The copy you print must match the listing exactly, with its pictures removed.
-=-=-=-=-
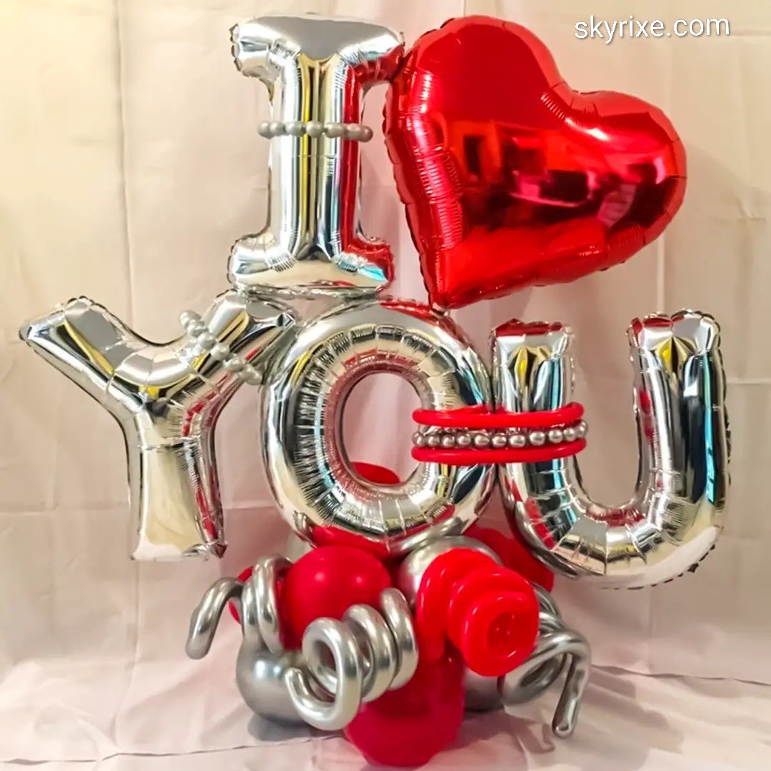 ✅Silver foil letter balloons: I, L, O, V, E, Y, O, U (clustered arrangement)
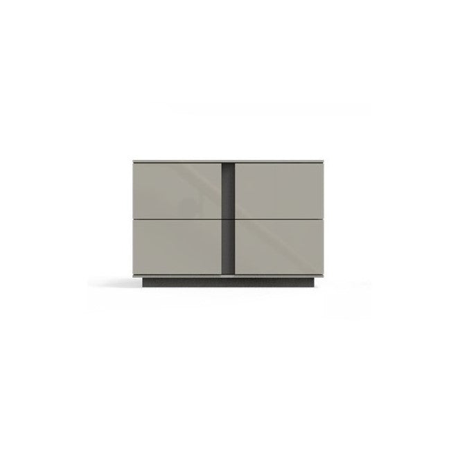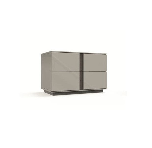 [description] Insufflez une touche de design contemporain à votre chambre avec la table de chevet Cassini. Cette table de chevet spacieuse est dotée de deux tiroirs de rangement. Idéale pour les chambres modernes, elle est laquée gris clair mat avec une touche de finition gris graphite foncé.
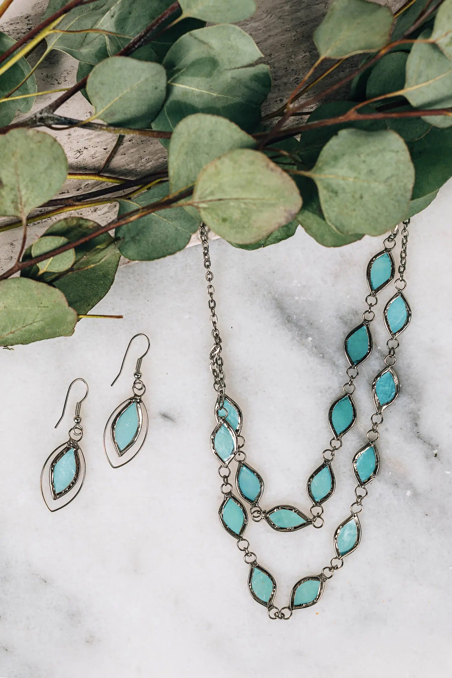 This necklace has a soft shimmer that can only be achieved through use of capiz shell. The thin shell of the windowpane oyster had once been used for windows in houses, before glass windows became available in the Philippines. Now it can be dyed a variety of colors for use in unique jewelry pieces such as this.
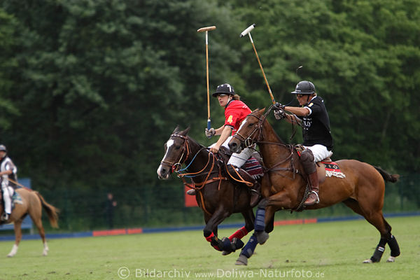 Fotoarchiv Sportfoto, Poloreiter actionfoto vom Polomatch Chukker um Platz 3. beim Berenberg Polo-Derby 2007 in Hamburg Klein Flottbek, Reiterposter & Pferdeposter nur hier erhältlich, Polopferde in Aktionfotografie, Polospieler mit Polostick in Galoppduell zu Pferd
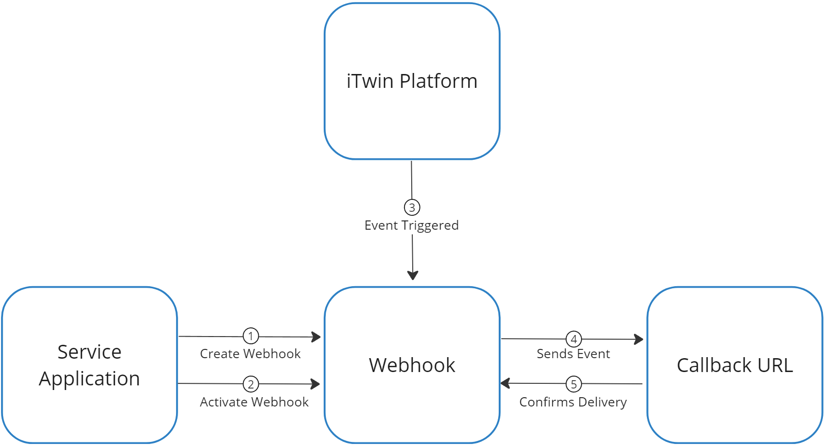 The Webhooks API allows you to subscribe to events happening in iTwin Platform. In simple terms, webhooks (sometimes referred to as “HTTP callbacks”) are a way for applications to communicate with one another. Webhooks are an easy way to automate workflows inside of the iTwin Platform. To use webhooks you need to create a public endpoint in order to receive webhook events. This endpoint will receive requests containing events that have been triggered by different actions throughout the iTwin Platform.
-=-=-=-=-
Result:
 ✅Silver foil letter balloons: I, L, O, V, E, Y, O, U (clustered arrangement)
 [description] Insufflez une touche de design contemporain à votre chambre avec la table de chevet Cassini. Cette table de chevet spacieuse est dotée de deux tiroirs de rangement. Idéale pour les chambres modernes, elle est laquée gris clair mat avec une touche de finition gris graphite foncé.
 This necklace has a soft shimmer that can only be achieved through use of capiz shell. The thin shell of the windowpane oyster had once been used for windows in houses, before glass windows became available in the Philippines. Now it can be dyed a variety of colors for use in unique jewelry pieces such as this.
 Fotoarchiv Sportfoto, Poloreiter actionfoto vom Polomatch Chukker um Platz 3. beim Berenberg Polo-Derby 2007 in Hamburg Klein Flottbek, Reiterposter & Pferdeposter nur hier erhältlich, Polopferde in Aktionfotografie, Polospieler mit Polostick in Galoppduell zu Pferd
 The Webhooks API allows you to subscribe to events happening in iTwin Platform. In simple terms, webhooks (sometimes referred to as “HTTP callbacks”) are a way for applications to communicate with one another. Webhooks are an easy way to automate workflows inside of the iTwin Platform. To use webhooks you need to create a public endpoint in order to receive webhook events. This endpoint will receive requests containing events that have been triggered by different actions throughout the iTwin Platform.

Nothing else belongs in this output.